Поэтому никто из троих соискателей нисколечко не огорчился, когда Альдиной, посовещавшись, было решено отказать в искомом, но, выразив глубокую растроганность, все-таки допустить Нарджис и Гали в читательский зал по разовому пропуску. Таким образом, руки были развязаны, а появление в главном зале Дома (излюбленное место простонародных экскурсий) лишнего сиррского народа — оправдано.
И вот Эшу зайдя в круг, протянул перед собой трехлепестковый Ключ. Для него ключ был Копьем, для Гали — мечом, а Нарджис сама была Чашей. Тут открылась им в столбе света сияющая и переливчатая колонна, и как только Трое подошли к ней — время куда-то испарилось. Они стали невидимыми для всех, кому случилось приключиться поблизости (вернее, те наших друзей просто не замечали, будто кто-то глаза им отвел) — для всех, кроме троих священных животных, которые как раз тут и появились.
Эшу взял на руки Шушару (она хотела взобраться к нему на плечо, как, бывало, к Барнабасу, но изрядно с тех пор потяжелела). Галиен держался поближе к Козе Ностре, Нарджис обнимала за шею Козюбрика.
— Что же, начали! — сказала Крыса.
Вначале они медлили, и самым боязливым из них был Эшу. Но и самым бесстрашным, потому что по доброй воле принял на себя рану плотского рождения, преодолев стиснутость, оставленность и удушье. Он преодолел первородный страх и саму смерть, которая лежит в начале существования любого человеческого существа, окрашивая его бытие в цвет своих мрачных символов: змея, дракона, замкнутого кольца. Символы эти записывают себя внутри текста, который есть каждый и всякий человек.
Итак, Эшу, погрузив руки внутрь, стихом поэта Райнера Марии вызвал из него образ Книги-До- Неба. Бронзовые створы послушно открылись, и в тот же миг привычный вид главного компьютерного зала отодвинулся назад, в некое небытие, доказывая тем самым парадокс своего принципиального несуществования. Да и весь мир живущих отодвинулся назад, как бывало, когда Эшу двигался по виртуальным коридорам…
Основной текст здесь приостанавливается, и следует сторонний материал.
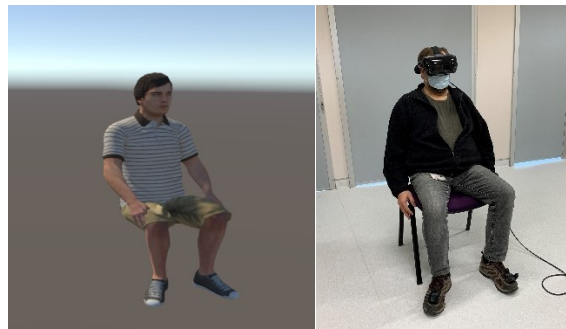
Figure 1. An avatar representing the user in an immersive virtual world. The experimenter can see the external view (left) while the user (right) see the virtual world at the first person.

In our pilot study, we first ask users, seated on a chair, to execute feet movements (ME) of their own choice (always the same), while we are recording the performed trajectories (see figure 1). Indeed, VR trackers positioned at the feet of the users enable us to capture, record and render on the VR avatar, the real movements made, in terms both of direction and amplitude, by the participants. This first step is designated as the warmup phase. In a second time, we ask participants to perform feet-MI task, by imagining the same movement as in the warmup phase. During this task, our final study will aim at comparing between three conditions: (1) Displaying the feedback using a state of the art modality, namely the so-called Graz visualization ; (2) Displaying an immersive feedback on the virtual avatar, unrelated with the previously performed movement ; (3) Displaying an immersive feedback on the virtual avatar, with a high fidelity to the previously performed and the imagined movement.

Свет расплылся и тут же собрался вновь. Все сохранилось, по внешности, неизменным, однако цепь, исчезающая в высях, проявилась и выделилась, и Триада скользнула по ней то ли вверх, то ли вниз.
Чем ближе к цели, тем резче был свет, тем невыносимее сила запахов. Волны отвратных ароматов схлестывались и перетекали друг через друга, их сила порой достигала такого уровня, что казалась благовонием.
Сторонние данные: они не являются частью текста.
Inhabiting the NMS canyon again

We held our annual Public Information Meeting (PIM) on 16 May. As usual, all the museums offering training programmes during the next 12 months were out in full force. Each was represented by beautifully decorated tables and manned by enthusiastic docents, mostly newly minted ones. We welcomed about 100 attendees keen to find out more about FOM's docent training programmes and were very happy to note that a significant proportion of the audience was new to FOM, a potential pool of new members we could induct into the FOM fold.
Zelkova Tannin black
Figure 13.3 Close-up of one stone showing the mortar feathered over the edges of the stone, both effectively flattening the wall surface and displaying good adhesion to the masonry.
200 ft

— Кладбище и помойка, — сказал Галиен, морщась.
— Амбра и мускус, — поправила Нарджис. — Смотри Томаса Манна и Мелвилла, кто не понял.
— Майтрейя на плече его почитателя казался всем прочим дохлой собакой, — подхватила эрудитка Козя, — Христос похвалил зубы этой собаки, белизной превосходящие любую земную сущность.
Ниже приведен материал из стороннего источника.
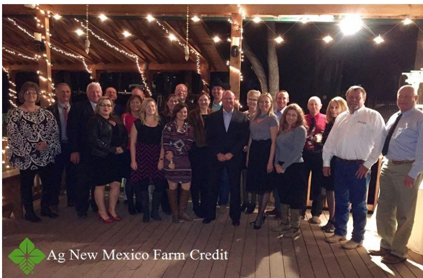
AgNM staff at the Christmas Party
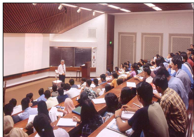
The Faculty of Arts and Sciences will equip students with skills, ethical commitment and leadership qualities for their future careers.

You will be pleased to know that the Chancellor's vision is being realised with the start of planning and architectural design for Aga Khan University Faculty of Arts and Sciences . It will be built on what was originally a new 600-acre campus on the outskirts of Karachi, but which will now be an 1100-acre campus as a result of an additional 500 acres being allotted for the University's use by the Governor of Sindh. The Faculty of Arts and Sciences will offer high quality, general education to students from all over Pakistan, Central and South Asia, and East Africa. Its objective, as expressed by the Chancellor, will be to ". . . equip
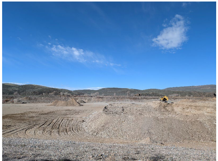
Pit viewed from northeast end

— Мы так привыкли жить, оправдывая уродство своего бытия, что истинная красота превосходит наше понимание и причиняет боль. Слишком невыносима она для простых чувств, и они читают ее как мерзость, — подхватила Козюбрик.
Наконец, все устоялось, прояснилось и стало одинаково видимым для всех троих.
— Предупреждаю: с оружием в местное святое святых нас не пустят, — сказала Крыса.
— Так мы его и не брали, — отозвался Галиен.
Тем временем на странице Голубиной Книги выступили слова:
«Вас трое, я говорю Троим. Зверь вызывается только Зверем, победит его лишь Меч. Меч предстает лишь перед воином, вынуть его может лишь дева. Вызывает Деву лишь Совершенный человек, поднимает с ложа — чудо жаркой крови».
— Я Пантера, стало быть, зверь. Моя очередь первая, — сказал Эшу и продекламировал:
Темные экраны отступили к стенам, растворились в них. На их месте появились и вышли вперед фигуры обеих Кошек. То был Храм, проступающий сквозь марево компьютерного зала, первообраз и источник Библиотеки, видимый лишь для посвященных, какой была Син, и истинная плоть книжного мироздания.
Выпрямившийся во весь рост Самец был черным, полулежащая Самка — темно-серой, но на фоне их шкуры виднелись чуть более светлые пятна, похожие на муаровую игру агата или рисунок колышущихся ветвей сикоморы на воде. Пятна, изредка слагались в Знак Зверя, символизирующий мудрость тварного мира. Радужки глаз Мужа были почти белыми, Жены — темными. Из широко раскрытых зрачков полыхали четыре — два и два — пучка ало-зеленого света, скрещиваясь внутри светового колодца, который казался шире и блистательней того, что помнил Эшу из своих снов и рассказов матери.
— Свет, кажется, живой, — пробормотала боязливая Козя.